My phone reception is better outside the laundromat, so I spend most of my time waiting for laundry on the bench near the door. I don’t talk with my friends, but I surf the news. I like to know what’s going on. I don’t like people to know about me, though, even if I have known them for a while. Even my daughter doesn’t know much, but maybe it’s just because the drugs made me distrust her.
I’m reading about changes in EPA guidelines for wetland preservation, which might affect Indiana, when my daughter’s name appears on my screen. She’s calling me.
When your daughter is a drug dealer, you don’t pick up, especially when you’ve gotten rid of a ten-year addiction to meth. Just recently, I checked out of rehab. Proud to say, I never bought drugs off her, but she was into coke, and I just stayed out of her business, out of her room. Most seventeen-year-olds have their moms on their backs, telling them to clean their rooms. Even though I know this isn’t a good thing, I didn’t tell her shit. I was a cool mom. School, homework, boyfriends, the Pill, whatever—I left her alone, and I thought we had a good relationship. Anyway, it gave me more time to work on myself. Which is what I need now.

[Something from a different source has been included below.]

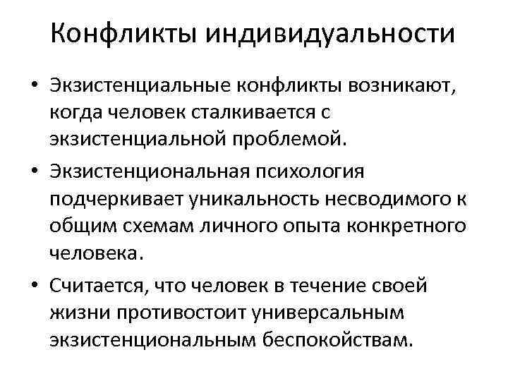 Конфликты индивидуальности • Экзистенциальные конфликты возникают, когда человек сталкивается с экзистенциальной проблемой. • Экзистенциональная психология подчеркивает уникальность несводимого к общим схемам личного опыта конкретного человека. • Считается, что человек в течение своей жизни противостоит универсальным экзистенциональным беспокойствам.

Two weeks ago, my dentist was going to prescribe me an opioid for getting a tooth removed, but I said no. Apparently, too many young people are going around getting prescription painkillers just by purposely getting perfectly good teeth removed. And now we’ve got the young-adult population of our southern-Indiana county walking around with gaps in their mouths. That dentist isn’t going to be trusting no one. Not for some time, at least. I don’t need to get mixed up in nothing like that.
“Mom?” my daughter had asked, kind of pitifully, when her stepfather and I kicked her out of the house.
“I don’t need a drug dealer living in my home when I’m trying to stay clean,” I said, and Bill, my husband, silently backed me up.